▸ Your instructions: The data below contains pictures, which are to be skipped; the lines starting at the line with "Характеристики Кухонна мийка" and ending at the line with "At the same" are to be output exactly, both ends included.

▸ Provided data:
-- Opening Marker --
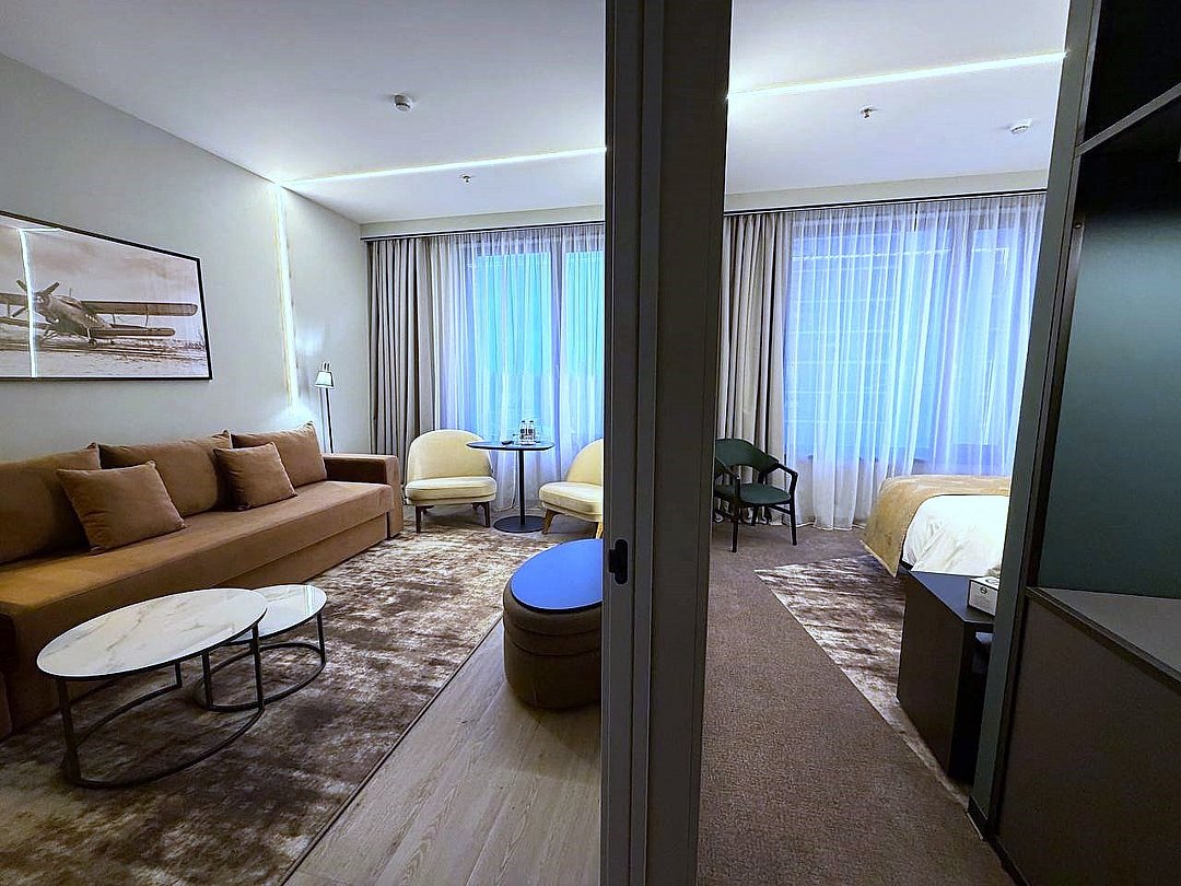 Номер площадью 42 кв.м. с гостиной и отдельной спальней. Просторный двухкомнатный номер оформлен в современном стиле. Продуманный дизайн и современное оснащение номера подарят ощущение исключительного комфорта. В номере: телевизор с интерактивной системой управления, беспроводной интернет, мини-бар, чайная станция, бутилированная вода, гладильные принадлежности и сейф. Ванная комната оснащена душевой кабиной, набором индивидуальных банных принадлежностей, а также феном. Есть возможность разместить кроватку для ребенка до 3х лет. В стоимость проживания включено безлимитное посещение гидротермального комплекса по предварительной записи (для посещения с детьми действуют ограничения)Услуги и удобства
-- Closing Marker --
-- Opening Marker --
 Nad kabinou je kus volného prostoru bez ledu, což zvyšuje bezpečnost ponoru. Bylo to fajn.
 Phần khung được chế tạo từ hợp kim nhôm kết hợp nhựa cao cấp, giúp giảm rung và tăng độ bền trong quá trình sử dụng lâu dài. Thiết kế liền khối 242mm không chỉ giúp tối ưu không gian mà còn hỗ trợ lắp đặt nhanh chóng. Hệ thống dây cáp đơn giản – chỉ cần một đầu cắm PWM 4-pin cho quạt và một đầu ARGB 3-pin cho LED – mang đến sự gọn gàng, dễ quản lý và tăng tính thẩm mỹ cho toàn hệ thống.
-- Closing Marker --
-- Opening Marker --
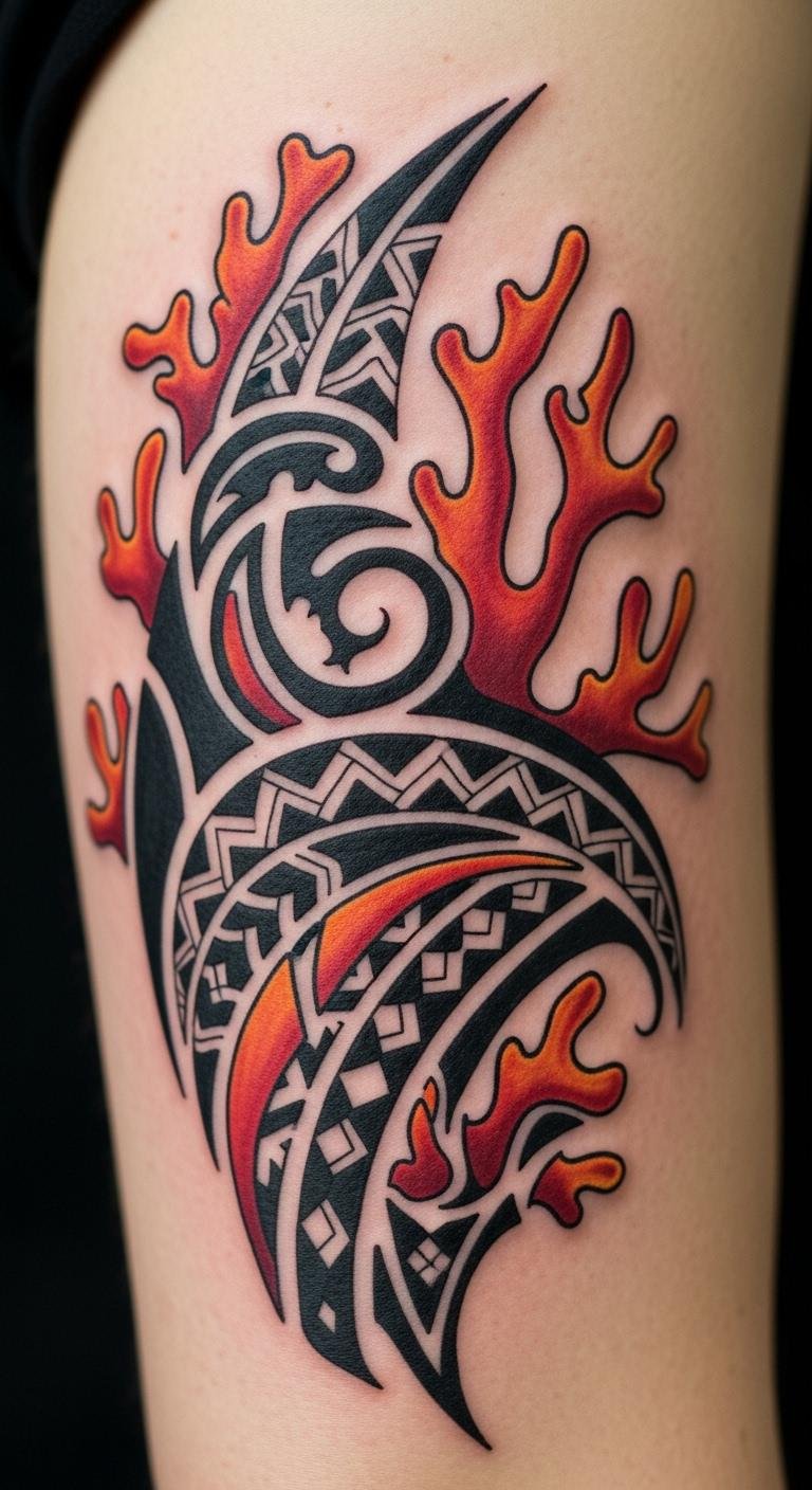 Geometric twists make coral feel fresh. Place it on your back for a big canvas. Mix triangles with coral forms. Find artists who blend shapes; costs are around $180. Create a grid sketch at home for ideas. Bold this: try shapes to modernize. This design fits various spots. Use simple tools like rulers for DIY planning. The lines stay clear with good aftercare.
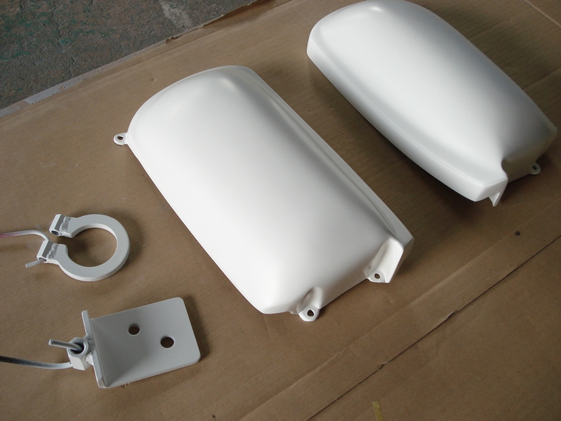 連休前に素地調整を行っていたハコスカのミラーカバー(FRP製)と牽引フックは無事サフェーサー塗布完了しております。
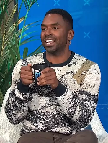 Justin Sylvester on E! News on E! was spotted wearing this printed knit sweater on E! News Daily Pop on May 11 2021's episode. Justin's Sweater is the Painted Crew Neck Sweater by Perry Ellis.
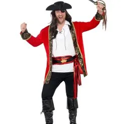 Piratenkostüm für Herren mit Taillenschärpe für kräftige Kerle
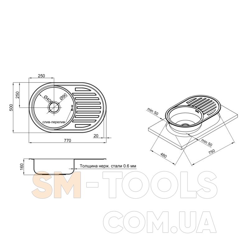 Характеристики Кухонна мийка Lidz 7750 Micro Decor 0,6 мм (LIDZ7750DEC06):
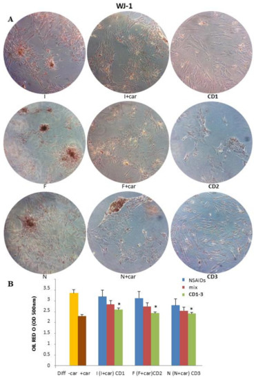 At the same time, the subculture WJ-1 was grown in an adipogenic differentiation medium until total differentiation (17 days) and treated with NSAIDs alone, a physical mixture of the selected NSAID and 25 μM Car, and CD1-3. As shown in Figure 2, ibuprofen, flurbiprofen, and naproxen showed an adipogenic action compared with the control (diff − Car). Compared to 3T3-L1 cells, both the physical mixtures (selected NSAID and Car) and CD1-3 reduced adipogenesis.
-- Closing Marker --
▸ Solution to this exercise:
 Характеристики Кухонна мийка Lidz 7750 Micro Decor 0,6 мм (LIDZ7750DEC06):
 At the same time, the subculture WJ-1 was grown in an adipogenic differentiation medium until total differentiation (17 days) and treated with NSAIDs alone, a physical mixture of the selected NSAID and 25 μM Car, and CD1-3. As shown in Figure 2, ibuprofen, flurbiprofen, and naproxen showed an adipogenic action compared with the control (diff − Car). Compared to 3T3-L1 cells, both the physical mixtures (selected NSAID and Car) and CD1-3 reduced adipogenesis.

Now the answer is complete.